Livongo had been incubated by venture capital firm 7wireVentures, which has just closed its second venture fund at $150m with limited partners including health plans Florida Blue and Cigna, hospitals and health systems Atlantic Health, Wellforce, Rush University Medical Center, Memorial Hermann Health System and Spectrum Health and large employers Boeing, according to Fierce Biotech.

Similarly, E-merge Capital Partners is raising its debut fund focused on early-stage medical device companies and technologies coming out the Evolve MedTech Venture Studio.

The fund, led by managing partners Brad Klos and John Xitco, is focused primarily on class II medical devices in cardiovascular and orthopedics.

Others are also trying to use strategic ties to add value. Private equity firm Revival Healthcare Capital has closed its second fund at $500m. Revival said it would invest where a corporate strategic partner will have a structural option or right to acquire the company in the future.

Rick Anderson, chairman and managing director at Revival, said: “Consolidation has made it increasingly difficult for medtech leaders to move the needle on growth.”

Lauren Forshey, Revival president and another MD, added: “By removing the guess work and gamesmanship that often defines the relationship and instead aligning goals at the outset, target companies benefit from increased focus, speed, and capital efficiency in driving towards milestones they know they will get rewarded for.”

And the goal remains to gain scale. Venture-backed digital health company Ro has agreed to acquire Modern Fertility, a US-based provider of at-home fertility tests for women, for a reported at least $225m according to Fierce Biotech.

Ro started out four years ago selling erectile dysfunction medication and hair loss supplements to men but after raising $876m has been acquiring other startups, including Workpath to move into the home-based healthcare market.

The next Global Healthcare Council quarterly report published next month will cover the transformation of hospitals with remote care and diagnostics – insights and feedback welcome to jmawson@mawsonia.com.

3

Back in the day, money laundering used to be a relatively simple affair. Take a bag of cash to a casino, “lose” 10% to 20% and walk away with the bulk in cleaned money.

Digitalisation and global capital flows has made the scale bigger – now the laundering is more likely to be by swapping a so-called cold wallet of bitcoin or other cyptocurrency on a USB flash drive – but this also creates opportunities for entrepreneurs.

Investment bank Goldman Sachs has just invested $20m in British anti-money laundering (AML) company ComplyAdvantage.
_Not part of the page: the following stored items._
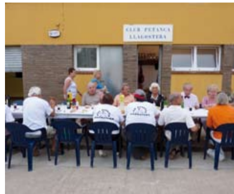
Imatges del campionat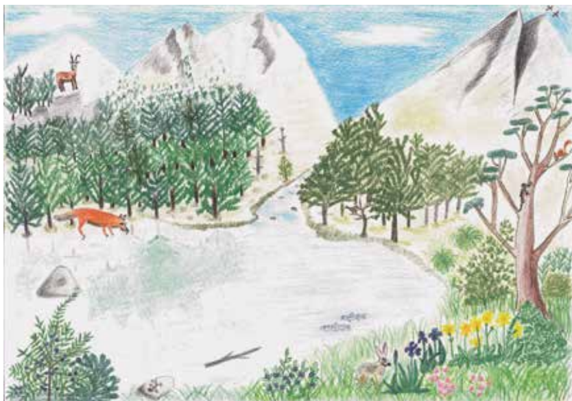
Dibuix portada: Oliver Serrano · Contraportada: Aleix Figuerola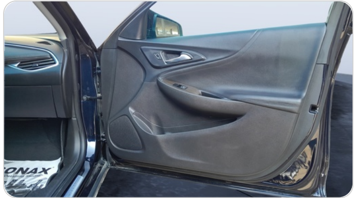
FR R DOOR

Charlie Delingpole, founder and chief executive of ComplyAdvantage, told the Financial Times he was optimistic that it would be a precursor to a deeper partnership with the Wall Street bank. “It was more about the partnership and the brand and what they can give us as a firm than the money per se, given we are very well capitalised as it stands.”

There is more attention on finance as the sector reaps the unprecedented growth in money supply as treasuries grapple with the economic impact of the covid-19 disease.

But as Vinay Solanki, head of Channel 4 Ventures, referenced in last night’s GCV Analytics webinar on the media sector, effectively all consumer-facing businesses can create opportunities to become financial service providers – even if they are not all going to be as successful as China-based gaming group Tencent, whose first quarter results saw ballooning revenues and  the fair value of its investments in listed companies at Rmb1.4tn at the end of March, up from Rmb410bn at the same time last year.

This transformation can be done through bolting on the right payment apps, such as Stripe, but it also means the need to know your customer for AML and anti-fraud purposes will become more vital.

This could in turn put pressure on the incumbent financial services corporations to take a leaf out of Goldman Sachs and CVC progenitor, Fidelity, and engage more whole-heartedly in backing startups.

We are delighted, therefore, to be setting up the Global Financial Council, to be chaired by Jacqueline LeSage Krause, founder and managing general partner of Munich Re Ventures, a multi-fund corporate venture capital investing platform for Munich Re Group, the world’s largest reinsurance company that effectively can touch all parts of finance and business.

Do reach out to join the wider group and your insights.

4

The merger of corporate venture-backed Gojek and Tokopedia, Indonesia’s two biggest startups, has focused attention on the global success story happening in southeast Asia.

The merged company, to be called GoTo, will create a food delivery, ride-hailing and ecommerce group preparing for a $40bn public listing in Indonesia and potentially in the US this year, sources told the Financial Times.

SoftBank and Tencent are respective investors in Tokopedia and Gojek, which has also raised $300m from Telkomsel earlier this month.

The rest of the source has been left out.